WHAT IS NEEDED =
Please copy every record below exactly, but leave the pictures out.
Top of STORED DATA
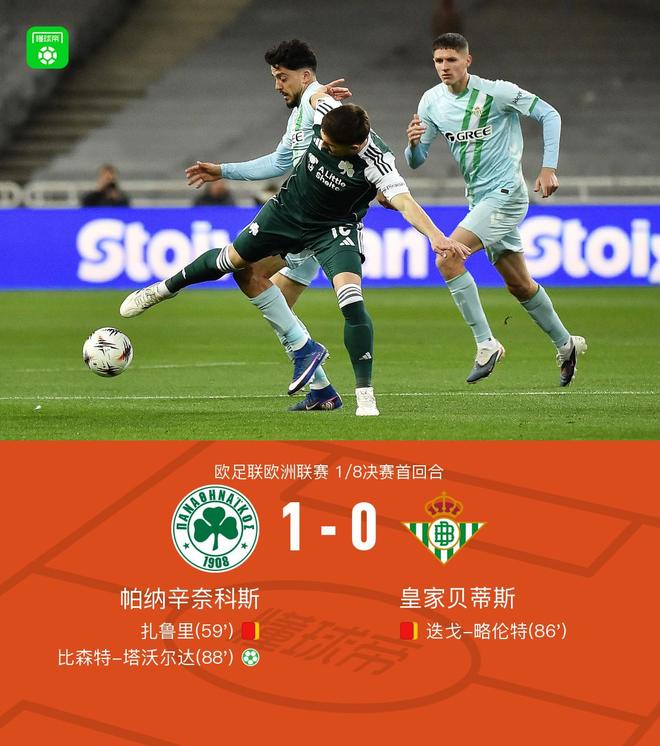 北京时间3月13日欧足联欧洲联赛 1/8决赛首回合,帕纳辛奈科斯对阵皇家贝蒂斯。下半场扎鲁里两黄一红被罚离场,希维德尔斯造点,塔沃尔达点射打入制胜球,迭戈-略伦特两黄一红被罚离场。最终比分帕纳辛奈科斯 1-0 皇家贝蒂斯。
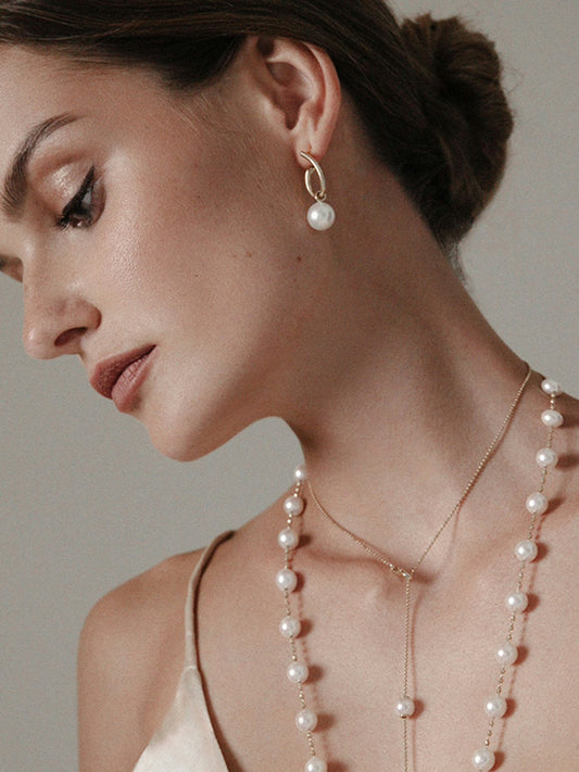 EYECATCHER fehér arany fülbevaló déltengeri gyönggyel és onixszal
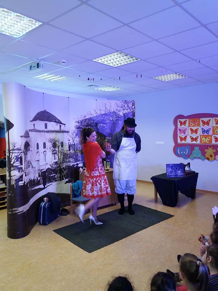 Οι μικροί μας φίλοι είχαν την ευκαιρία να γνωρίσουν με βιωματικό τρόπο επαγγέλματα που τείνουν να εξαλειφθούν άλλα αποτελούν σημαντικό κομμάτι της παράδοσής μας, όπως αυτά του λούστρου, του μπαρμπέρη, του νερουλά, του γαλατά, του καφετζή, της μοδίστρας, κα.! Με μεγάλη τους χαρά τα νήπιά μας ανταποκρίθηκαν στο κάλεσμα των ηθοποιών να αναλάβουν και αυτά το δικό τους ρόλο στην αναβίωση των επαγγελμάτων!!!
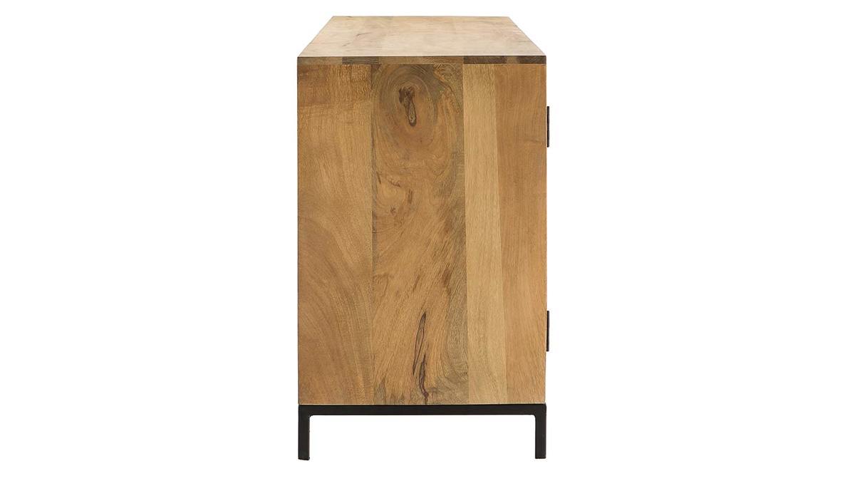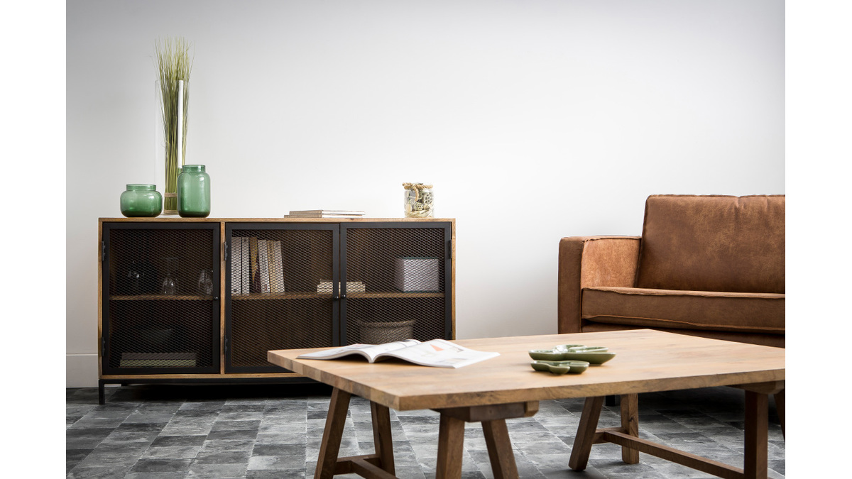 Ein gutes Händchen für Design erkennt man an einer harmonischen Kombination aus Trend und Besonderheit. Das Sideboard RACK ist das perfekte Beispiel für ein Möbel im industriellen Stil einzigartig verarbeitet ohne schwer zu wirken. Die Materialen aus denen das Sideboard besteht sind eine feine Mischung ausExotik und dem industriellen Stil. Das Mangoholz des Möbelstücks RACK ist wegen seiner warmen Farben und seiner charakteristischen Streifen sehr beliebt. Die elegante Holzstruktur kombiniert mit Füßen und Türen aus Metall sind an den Factory-Look angelehnt. Was dieses Sideboard zu etwas besonderem macht, ist die Verarbeitung der Materialien, insbesondere das perforierte Metall der Türen mit denen sich die Fächer schließen lassen, um dem HolzmöbelLeichtigkeit verleihen. Das Sideboard RACK passt sowohl ins Wohnzimmer, als auch in den Eingangsbereich oder in die Küche. Dank der verschieden großen Fächer, lässt sich dort alles leicht verstauen. Für ein aufgeräumtes und schön eingerichtetes Zimmer, kombinieren Sie das Sideboard mit demRegal im industriellen Stil ATELIER und demWandregal YPSTER. Für eine trendige Inneneinrichtung im industriellen Stil, entdecken Sie das gesamte Sortiment der Möbel RACK. Wird aufgebaut geliefert.
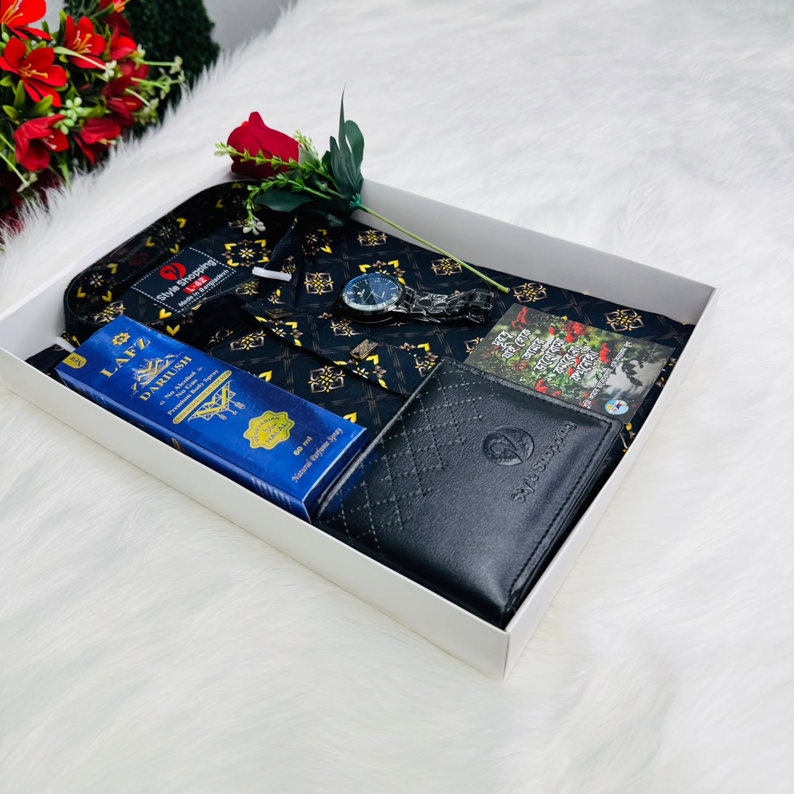পান্জাবি ,ঘড়ি ,মানিব্যাগ ,পারফিউম ,ফুল- গিফট কার্ড গিফট ব্ক্স
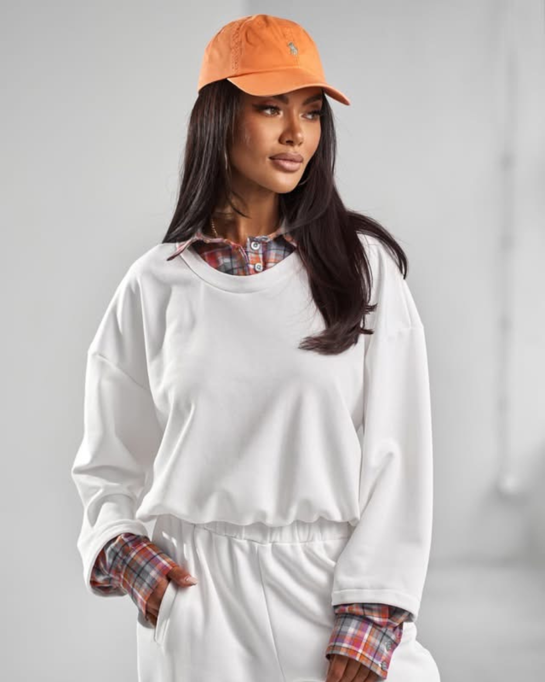 Stylowy komplet dresowy, który łączy sportową wygodę z modnym efektem warstwowej stylizacji. Bluza posiada doszytą koszulową wstawkę u dołu, dzięki czemu wygląda jak połączenie bluzy i koszuli – bez potrzeby zakładania dodatkowych elementów. To rozwiązanie dodaje całości oryginalnego charakteru i sprawia, że stylizacja prezentuje się wyjątkowo.
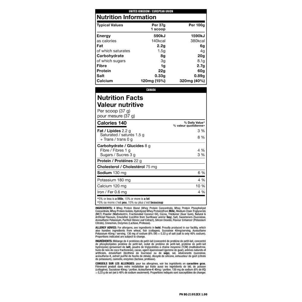 Ingredientes: Proteína concentrada de suero de leche, caseinato de calcio, proteína aislada de suero, caseína micelar, proteína hidrolizada de suero, maltrodextrina, sabores naturales y/o artificiales, aceite de girasol, jarabe de solidos de maíz (endulcorante),caseinato de sodio (agente espesante), fosfato dipotásico (agente leudante), fosfatos tricálcico  (agente leudante), lecitina de soya (emulgentes), mono y diglicéridos  de ácidos grasos (emulsionantes), sal yodada y fluorizida de apta para consumo humano, agentes espesantes (goma de celulosa, goma xantanas, carragenina), sucralosa y/o acesulfame de potasio (endulcorantes artificiales), mezcla de vitaminas y minerales (palmitato, vitamina A, ácido ascórbico, betacaroteno, tiamina, riboflavina, niacina, piridoxina, ácido fólico, biotina, carbonato de calcio, fosfato férrico , fosfato de yodo, oxido de magnesio, oxido de zinc, selenito de sodio, sulfato). Fabricado en una plata que también procesa ingredientes a base de trigo, huevo, nueces, maní y pescado.
Bottom of STORED DATA
EXERCISE ANSWER =
 北京时间3月13日欧足联欧洲联赛 1/8决赛首回合,帕纳辛奈科斯对阵皇家贝蒂斯。下半场扎鲁里两黄一红被罚离场,希维德尔斯造点,塔沃尔达点射打入制胜球,迭戈-略伦特两黄一红被罚离场。最终比分帕纳辛奈科斯 1-0 皇家贝蒂斯。
 EYECATCHER fehér arany fülbevaló déltengeri gyönggyel és onixszal
 Οι μικροί μας φίλοι είχαν την ευκαιρία να γνωρίσουν με βιωματικό τρόπο επαγγέλματα που τείνουν να εξαλειφθούν άλλα αποτελούν σημαντικό κομμάτι της παράδοσής μας, όπως αυτά του λούστρου, του μπαρμπέρη, του νερουλά, του γαλατά, του καφετζή, της μοδίστρας, κα.! Με μεγάλη τους χαρά τα νήπιά μας ανταποκρίθηκαν στο κάλεσμα των ηθοποιών να αναλάβουν και αυτά το δικό τους ρόλο στην αναβίωση των επαγγελμάτων!!!
 Ein gutes Händchen für Design erkennt man an einer harmonischen Kombination aus Trend und Besonderheit. Das Sideboard RACK ist das perfekte Beispiel für ein Möbel im industriellen Stil einzigartig verarbeitet ohne schwer zu wirken. Die Materialen aus denen das Sideboard besteht sind eine feine Mischung ausExotik und dem industriellen Stil. Das Mangoholz des Möbelstücks RACK ist wegen seiner warmen Farben und seiner charakteristischen Streifen sehr beliebt. Die elegante Holzstruktur kombiniert mit Füßen und Türen aus Metall sind an den Factory-Look angelehnt. Was dieses Sideboard zu etwas besonderem macht, ist die Verarbeitung der Materialien, insbesondere das perforierte Metall der Türen mit denen sich die Fächer schließen lassen, um dem HolzmöbelLeichtigkeit verleihen. Das Sideboard RACK passt sowohl ins Wohnzimmer, als auch in den Eingangsbereich oder in die Küche. Dank der verschieden großen Fächer, lässt sich dort alles leicht verstauen. Für ein aufgeräumtes und schön eingerichtetes Zimmer, kombinieren Sie das Sideboard mit demRegal im industriellen Stil ATELIER und demWandregal YPSTER. Für eine trendige Inneneinrichtung im industriellen Stil, entdecken Sie das gesamte Sortiment der Möbel RACK. Wird aufgebaut geliefert.
পান্জাবি ,ঘড়ি ,মানিব্যাগ ,পারফিউম ,ফুল- গিফট কার্ড গিফট ব্ক্স
 Stylowy komplet dresowy, który łączy sportową wygodę z modnym efektem warstwowej stylizacji. Bluza posiada doszytą koszulową wstawkę u dołu, dzięki czemu wygląda jak połączenie bluzy i koszuli – bez potrzeby zakładania dodatkowych elementów. To rozwiązanie dodaje całości oryginalnego charakteru i sprawia, że stylizacja prezentuje się wyjątkowo.
 Ingredientes: Proteína concentrada de suero de leche, caseinato de calcio, proteína aislada de suero, caseína micelar, proteína hidrolizada de suero, maltrodextrina, sabores naturales y/o artificiales, aceite de girasol, jarabe de solidos de maíz (endulcorante),caseinato de sodio (agente espesante), fosfato dipotásico (agente leudante), fosfatos tricálcico  (agente leudante), lecitina de soya (emulgentes), mono y diglicéridos  de ácidos grasos (emulsionantes), sal yodada y fluorizida de apta para consumo humano, agentes espesantes (goma de celulosa, goma xantanas, carragenina), sucralosa y/o acesulfame de potasio (endulcorantes artificiales), mezcla de vitaminas y minerales (palmitato, vitamina A, ácido ascórbico, betacaroteno, tiamina, riboflavina, niacina, piridoxina, ácido fólico, biotina, carbonato de calcio, fosfato férrico , fosfato de yodo, oxido de magnesio, oxido de zinc, selenito de sodio, sulfato). Fabricado en una plata que también procesa ingredientes a base de trigo, huevo, nueces, maní y pescado.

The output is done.